ELABORACIÓN DE PRODUCTOS IBÉRICOS

CHORIZO CULAR IBERICO BELLOTA

El cerdo ibérico se cría en las dehesas, que constituyen un ecosistema de bosque mediterráneo formado por arboledas de encinas, alcornoques y roble cuyo fruto, la bellota, es el componente esencial de la dieta del cerdo. La crianza natural del cerdo ibérico aporta a su carne un sabor exclusivo y singular.

El proceso de elaboración de los jamones, paletas y embutidos se realiza de forma artesanal, con objeto de conseguir el aroma y sabor característicos de estos productos.

Dicho proceso comienza con el despiece en la línea de producción, donde se separan las diferentes piezas del cerdo y se clasifican en función de su tipología y peso.
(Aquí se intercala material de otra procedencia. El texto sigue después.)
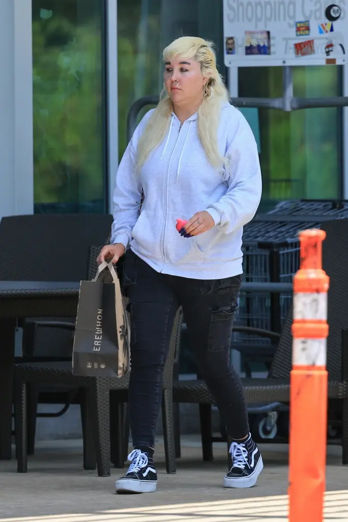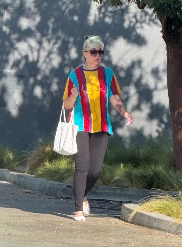 За време на прошетката таа носела шарена маица и тесни фармерки, како и екстремно долги нокти кои се чини дека сега се нејзин заштитен знак.
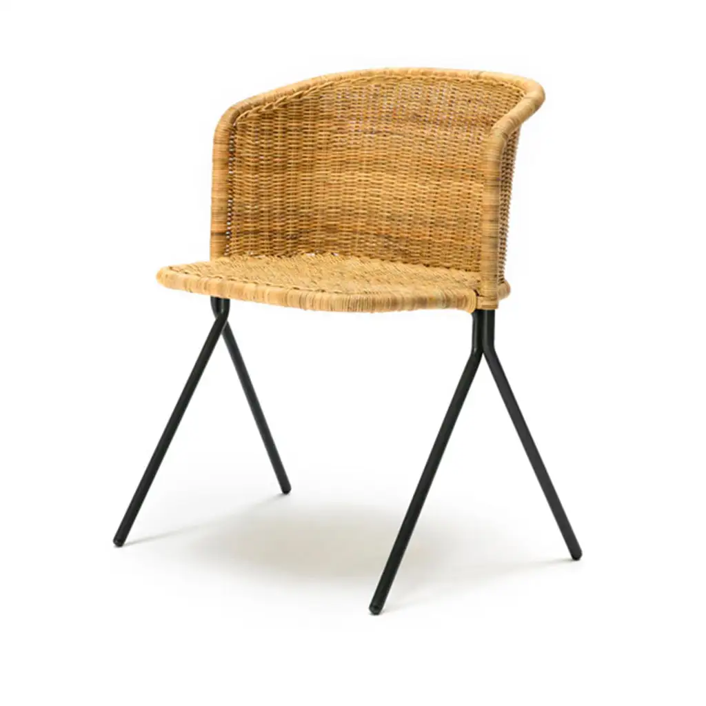 The Kakī Armchair features a woven rattan seat and is defined by its cantilevered leg frame, much like their feathered namesake, New Zealand’s endangered native black silk. The timeless warmth of the rattan complements the charcoal powder coated frame. For indoor applications, the Kakī Armchair is available in a natural, graphite or rust stains. An outdoor polyethylene version is available upon request.
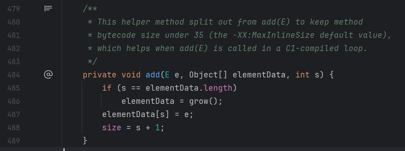 해당 메서드는 삽입하려는 요소(e)와 데이터를 저장하고 있는 배열(elementData), 현재 배열의 길이(s)를 매개변수로 받습니다.
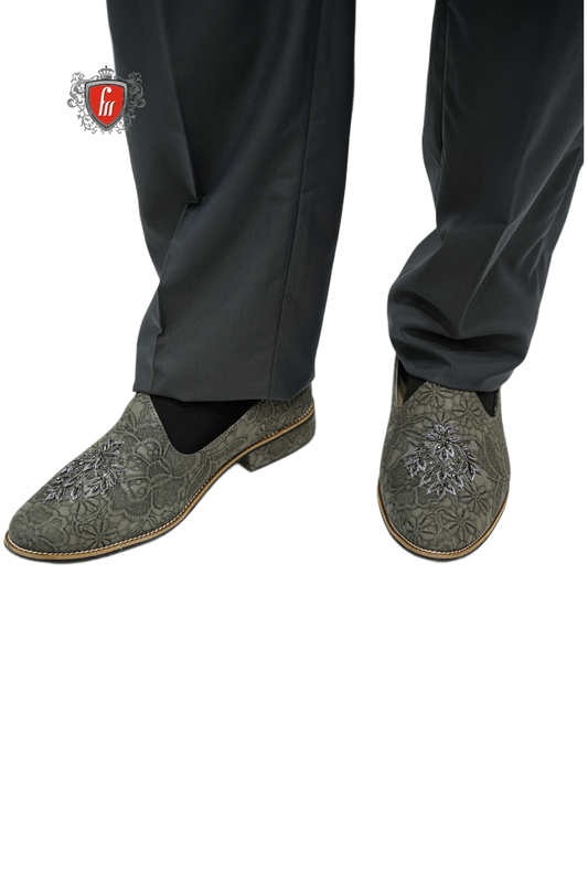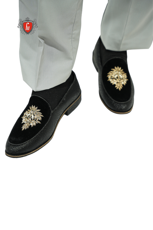 Black Velvet Jutti with Intricate Bead Embroidery Panel
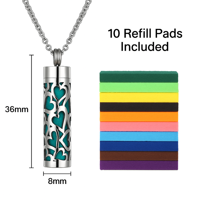 Livsy Stainless Steel Aromatherapy Necklace – With 10 Felt Pads

Seguidamente se procede al salado; una vez clasificados los jamones por su peso, se procede a su apilado y se cubren con sal, que le aporta sabor y contribuye a su conservación. Para la elaboración de los embutidos (lomo, chorizo, salchichón, morcilla, etc.), se selecciona magro de la mejor calidad y se procede a su condimentado con especias naturales y con fórmulas que se han ido transmitiendo generación tras generación. Por último se encuentra la fase de curado y secado en la que los productos, en un lento proceso de maduración, alcanzan la textura, aroma y sabor característicos.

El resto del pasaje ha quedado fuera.